→ **Your assignment**: Within the entries below, please return exactly the lines from the one with "宠物信息:小黑刚开始来的时候" through the one with "6. Depress retaining", leaving out any pictures.

→ **Material to process**:
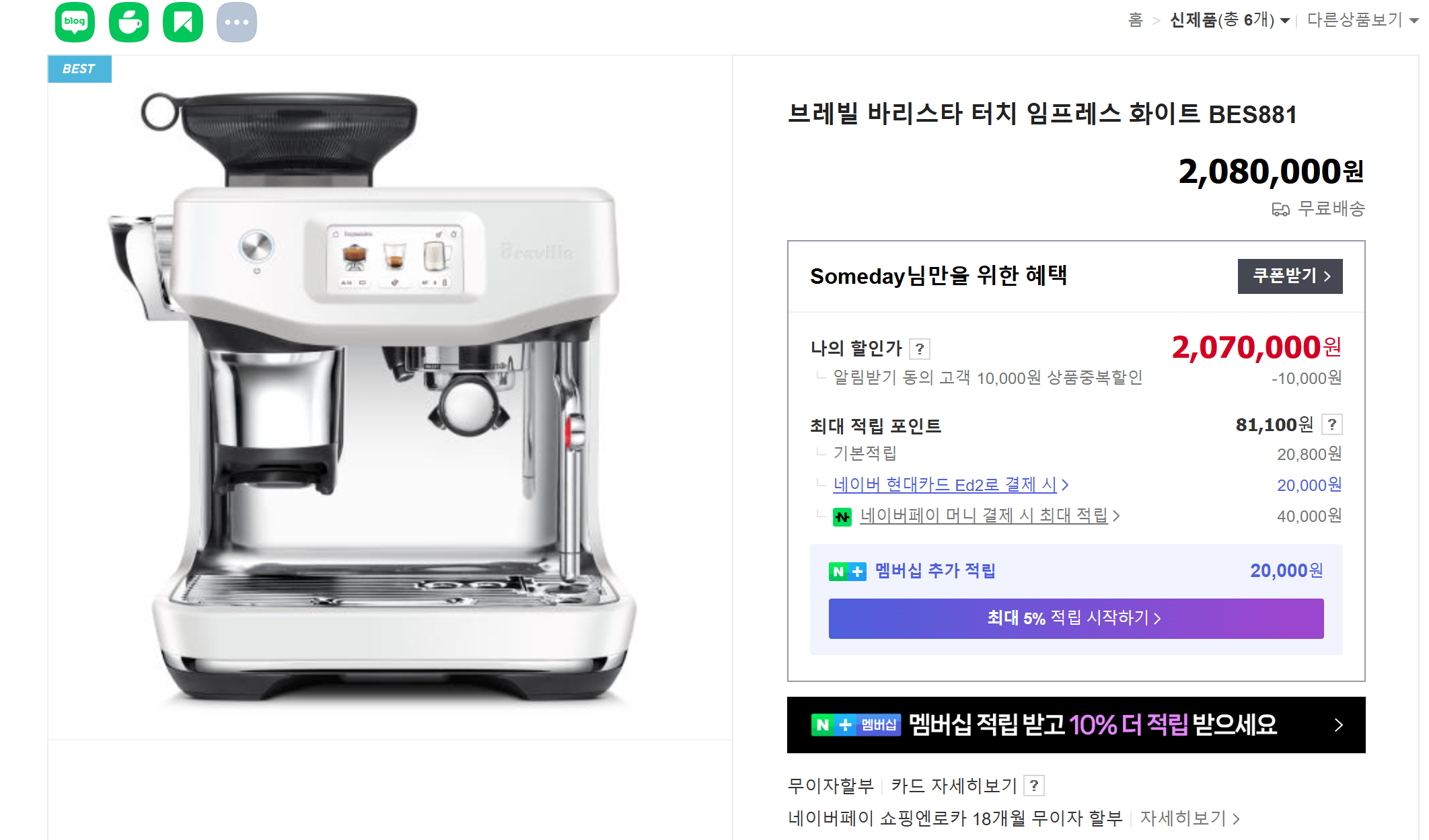 결국 돌고돌아 커피맛이 제일 좋은 브레빌로 다시돌아왔어요.
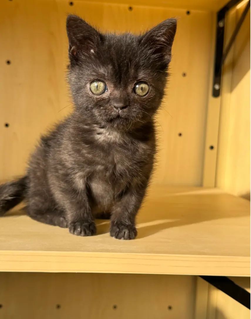 宠物信息:小黑刚开始来的时候,一个月大,像是没开智的样子,现在三个月大有点圆乎了,小包子脸,真好看,性格超级可爱,亲人,找个爱他的家!在郑州管城,小公猫!
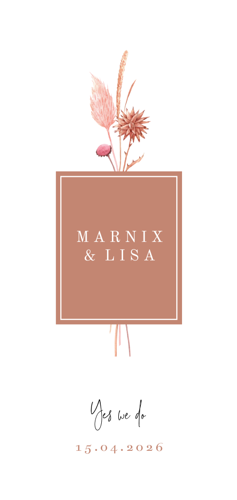 Yes we do! Stijlvolle trouwkaart met een mooie aquarel bloem in rozetinten. Verder is de kaart rustig en overwegend wit. Maak van deze kaart je eigen persoonlijke trouwkaart. Teksten en kleuren pas je gemakkelijk aan in de editor.
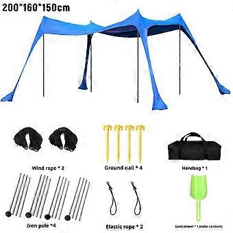 <p>Size: 200*160*150cm / 78.74*62.99*59.05in; 200*210*150cm / 78.74*82.67*59.05in<br/>Color: As shown in the figure<br/><br/>Precautions:<br/>1. Highly efficient sun protection, effectively blocks ultraviolet rays, and provides safe sun protection for beaches, seaside, and outdoor activities.<br/>2. A full set of accessories, including ground nails, stabilizing rods, and sand shovels, can easily cope with various complex terrains, and the installation is stable and more secure.<br/>3. Portable and easy to store design, lightweight elastic bracket structure, quick assembly and disassembly, suitable for camping, fishing, picnics, backyard entertainment and other scenes.<br/>4. Widen and enlarge the sunshade space, which can accommodate multiple people and provide a spacious and comfortable outdoor rest area.<br/>5. High-quality, wind and sand resistant design, adapt to various outdoor environments, is an ideal choice for family outings and outdoor enthusiasts.<br/><br/>Package includes:<br/>1 pc Beach elastic sunscreen canopy</p>
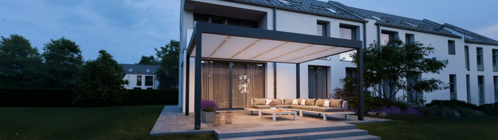 Nowoczesne zadaszenia tarasów wykonywane są także z materiałów, które można zwijać lub rozsuwać. Pozwala to na regulację ilości światła wpadającego na taras. Klienci bardzo często są zaskoczeni trwałością solidnej trójwarstwowej tkaniny Techprotect. Taki dach łatwo się czyści i jest odporny na warunki atmosferyczne.
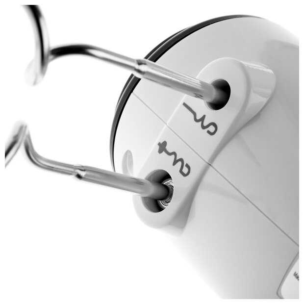 - Длинные венчики обеспечивают равномерное взбивание белков или сливок без разбрызгивания.
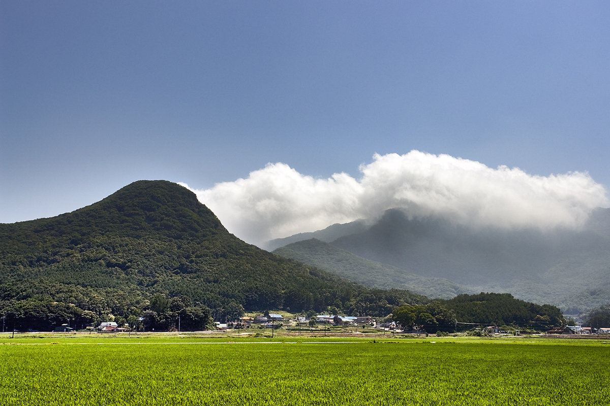 숙피산의 밤꽃 향기와 마니산의 운해아래 자리한 강화 덕포리 마을의 전경이 너무도 평화롭다.
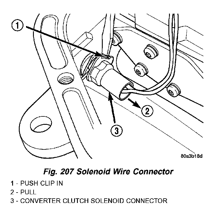 6. Depress retaining clip and pull solenoid wire from case connector (Fig. 207).
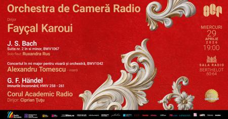 În aceeași seară, veți mai asculta și Bach: Suita nr. 2 în si minor (solo flaut: Ruxandra Rus) și Händel: Imnurile încoronării, compuse pentru ceremonia de încoronare a regelui George al II-lea al Marii Britanii, desfășurată pe 11 octombrie 1727, la Westminster Abbey (Londra). Concertul se va derula cu participarea Corului Academic Radio (dirijor: Ciprian Țuțu).
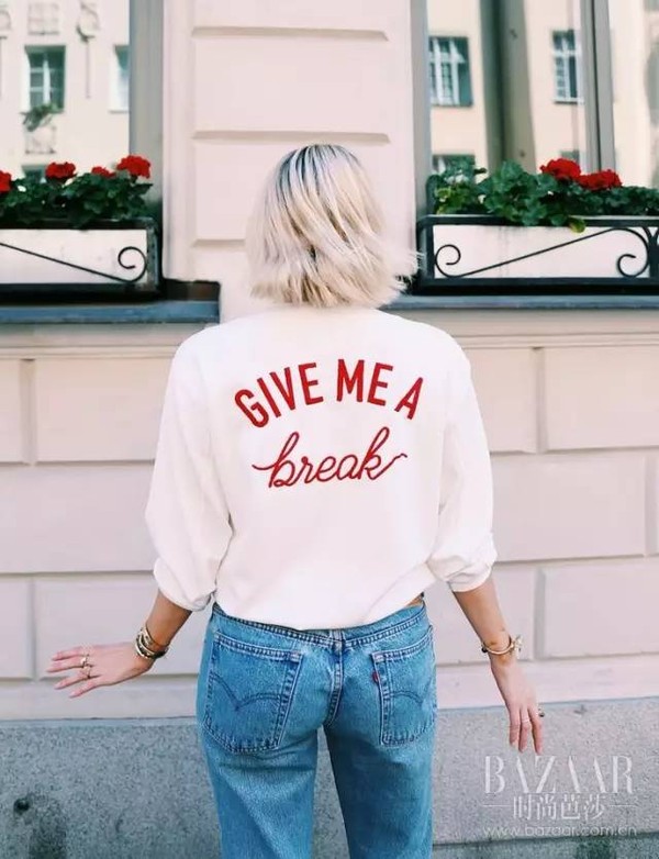 像印着“GIVE ME A BREAK”这样有趣又有寓意的棒球服,不仅能表明自己的态度还时髦得跟别人不一样。

→ **Written solution**:
 宠物信息:小黑刚开始来的时候,一个月大,像是没开智的样子,现在三个月大有点圆乎了,小包子脸,真好看,性格超级可爱,亲人,找个爱他的家!在郑州管城,小公猫!
 Yes we do! Stijlvolle trouwkaart met een mooie aquarel bloem in rozetinten. Verder is de kaart rustig en overwegend wit. Maak van deze kaart je eigen persoonlijke trouwkaart. Teksten en kleuren pas je gemakkelijk aan in de editor.
 <p>Size: 200*160*150cm / 78.74*62.99*59.05in; 200*210*150cm / 78.74*82.67*59.05in<br/>Color: As shown in the figure<br/><br/>Precautions:<br/>1. Highly efficient sun protection, effectively blocks ultraviolet rays, and provides safe sun protection for beaches, seaside, and outdoor activities.<br/>2. A full set of accessories, including ground nails, stabilizing rods, and sand shovels, can easily cope with various complex terrains, and the installation is stable and more secure.<br/>3. Portable and easy to store design, lightweight elastic bracket structure, quick assembly and disassembly, suitable for camping, fishing, picnics, backyard entertainment and other scenes.<br/>4. Widen and enlarge the sunshade space, which can accommodate multiple people and provide a spacious and comfortable outdoor rest area.<br/>5. High-quality, wind and sand resistant design, adapt to various outdoor environments, is an ideal choice for family outings and outdoor enthusiasts.<br/><br/>Package includes:<br/>1 pc Beach elastic sunscreen canopy</p>
 Nowoczesne zadaszenia tarasów wykonywane są także z materiałów, które można zwijać lub rozsuwać. Pozwala to na regulację ilości światła wpadającego na taras. Klienci bardzo często są zaskoczeni trwałością solidnej trójwarstwowej tkaniny Techprotect. Taki dach łatwo się czyści i jest odporny na warunki atmosferyczne.
 - Длинные венчики обеспечивают равномерное взбивание белков или сливок без разбрызгивания.
 숙피산의 밤꽃 향기와 마니산의 운해아래 자리한 강화 덕포리 마을의 전경이 너무도 평화롭다.
 6. Depress retaining clip and pull solenoid wire from case connector (Fig. 207).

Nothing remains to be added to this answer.